If out of box command is not available
I need some kind of shell script which copies files in a directory in say 4 threads.
each thread will use cp commands on inidividual file sets .

This copy is being done on the same server but to a different directory.Its just a different san disk which is transparent to the system.

I am just copying files from /data/dbx directory to /backup/dbx directory

So script should do cp in say 4 sets of files.

Any idea how to script this.

---------- Post updated at 03:59 PM ---------- Previous update was at 03:54 PM ----------

I donot want to copy same file in multipli threads.
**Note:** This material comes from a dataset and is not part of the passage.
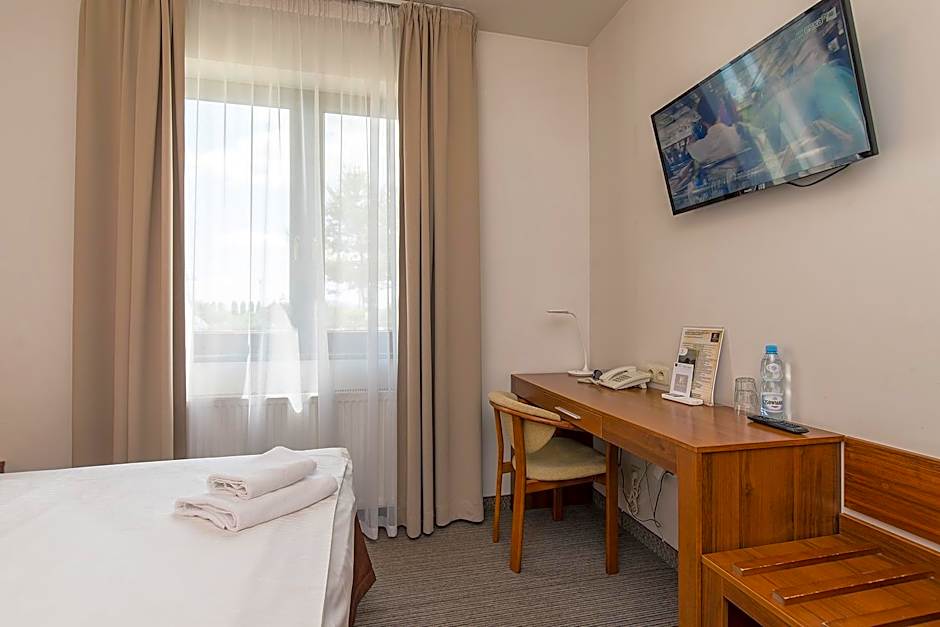 The hotel is modern and the room had all the comforts one can think of - air conditioning, an alarm clock, toiletries in the bathroom. Bed was very comfortable. Spoiled for choice at breakfast. At this price, one gets unbelievable value. Excellent as a sleepover base for nearby Ksiaz castle.

I want to copy sets of files in multiple threads.

So If directory has say 1000 files. I want to copy 250 different sets of files in each thread
using something like cp & .

script needs to be dynamic to get total number of files then issue a fixed number of 4 threads each thread having almost equal number of files to copy using cp &
# 5  
Old 01-24-2010
simonsimon, I am not talking about 500 threads. Did you read my answer about the pros and cons?

SAN means the disks are serially attached and probably there are multiple underlying physical disks so there are likely performance benefits for the backup process itself, however you should do a single thread restore..
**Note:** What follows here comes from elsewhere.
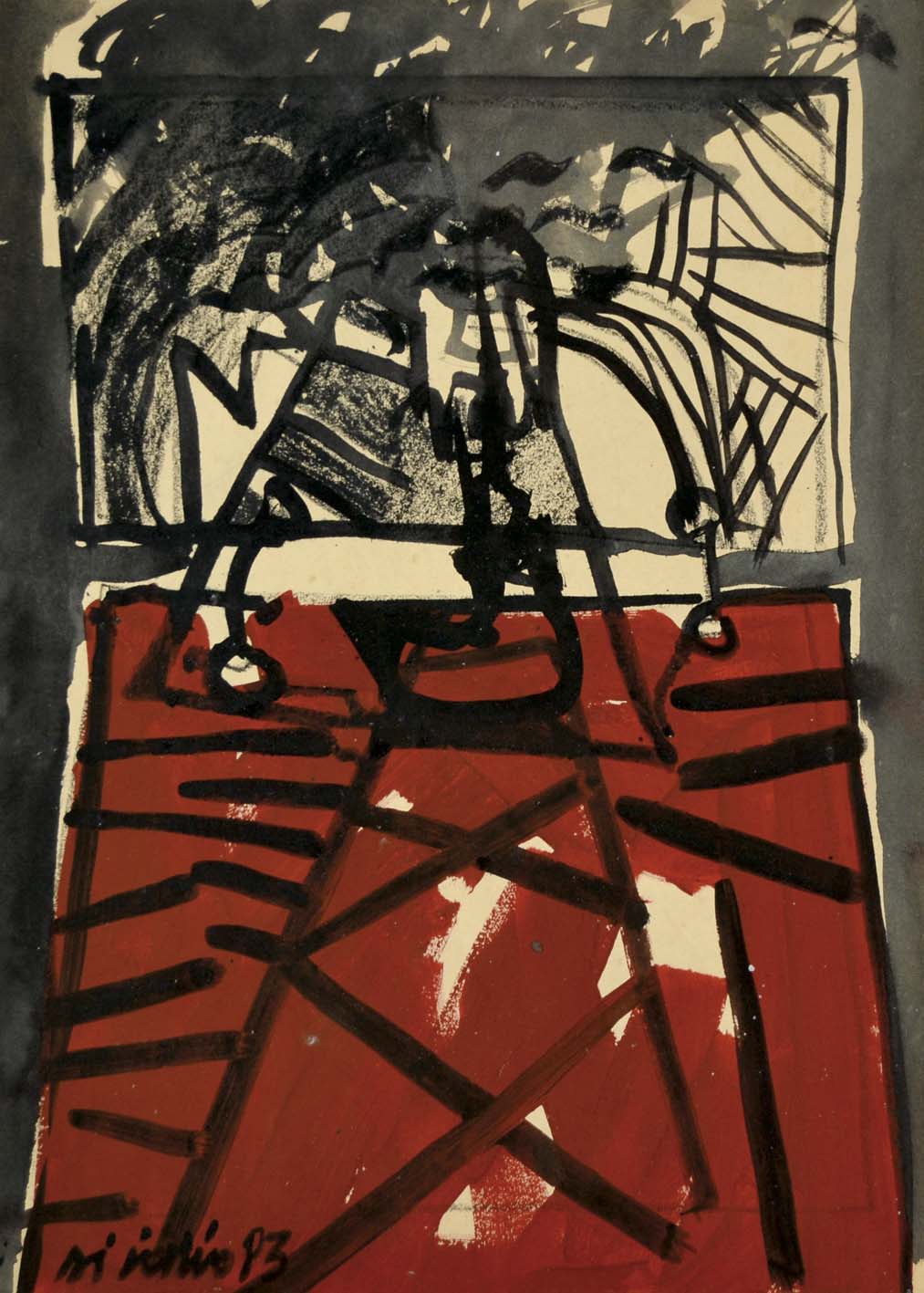 DI IORIO MARIO Tarvisio 1958 - 1999 La scala della follia 1983 tecnica mista su carta 47x33,5 firma e data in basso a sinistra

For the parallell copy process you could probably use this as a basis (you would still have to create checks for directories and such, this is just the working principle):
Code:
SOURCEDIR="$1"
TARGETDIR="$2"
MAX_PARALLEL=4
nroffiles=$(ls $SOURCEDIR|wc -w)
setsize=$(( nroffiles/MAX_PARALLEL + 1 ))
ls -1 $SOURCEDIR/* | xargs -n $setsize | while read workset; do
  cp -p $workset $TARGETDIR &
done
wait


Last edited by Scrutinizer; 01-24-2010 at 06:34 PM..
# 6  
Old 01-24-2010
Scrutinizer,
You are simply great. Thanx for you suggestions. Ah I wish me as a DBA , to learn more about shell scripting and Unix admisnistration.

Ok Few Questions.

I traced your script to see what it does .And I have some Questions.
Directory /data/d1/ds has 4 files

Code:
SOURCEDIR="/data/d1/ds"
TARGETDIR="/data/d1/dt"
MAX_PARALLEL=2
nroffiles=$(ls $SOURCEDIR|wc -w)
setsize=$(( nroffiles/MAX_PARALLEL + 1 ))
ls -1 $SOURCEDIR/* | xargs -n $setsize | while read workset; do
  cp -p $workset $TARGETDIR &
done
wait

Code:
$ ct.sh
+ SOURCEDIR=/data/d1/ds
+ TARGETDIR=/data/d1/dt
+ MAX_PARALLEL=2
+ + ls /data/d1/ds
+ wc -w
nroffiles=4
+ setsize=3
+ read workset
+ xargs -n 3
+ ls -1 /data/d1/ds/f1.txt /data/d1/ds/f2.txt /data/d1/ds/f3.txt /data/d1/ds/f4.txt
+ read workset
+ cp -p /data/d1/ds/f1.txt /data/d1/ds/f2.txt /data/d1/ds/f3.txt /data/d1/dt
+ read workset
+ cp -p /data/d1/ds/f4.txt /data/d1/dt
+ wait

Can You kindly explain what does the following command do :-

Code:
setsize=$(( nroffiles/MAX_PARALLEL + 1 ))  :--  (( nroffiles/MAX_PARALLEL + 1 ))   gives only integer ? 

ls -1 $SOURCEDIR/* | xargs -n $setsize | while read workset; do
  cp -p $workset $TARGETDIR &
done
wait

ls -1 $SOURCEDIR/* :--- Gives file lsiting one below the other

xargs -n $setsize  :--- does what ? $setsize =3

How does it spawn two threads of cp command ?

What does the wait command do ? Does it wait for all parallel processes to finish.
So If I want to send email notification after all the files are copied a mailx command after wait command should do it ?

Last edited by pludi; 01-25-2010 at 02:10 AM.. Reason: code tags, please...
# 7  
Old 01-24-2010
Please use
Code:
CODE TAGS

as it makes easier to read the code.

$nroffiles - this number represents the number of files that would be there in each of the set that is to be executed in parallel.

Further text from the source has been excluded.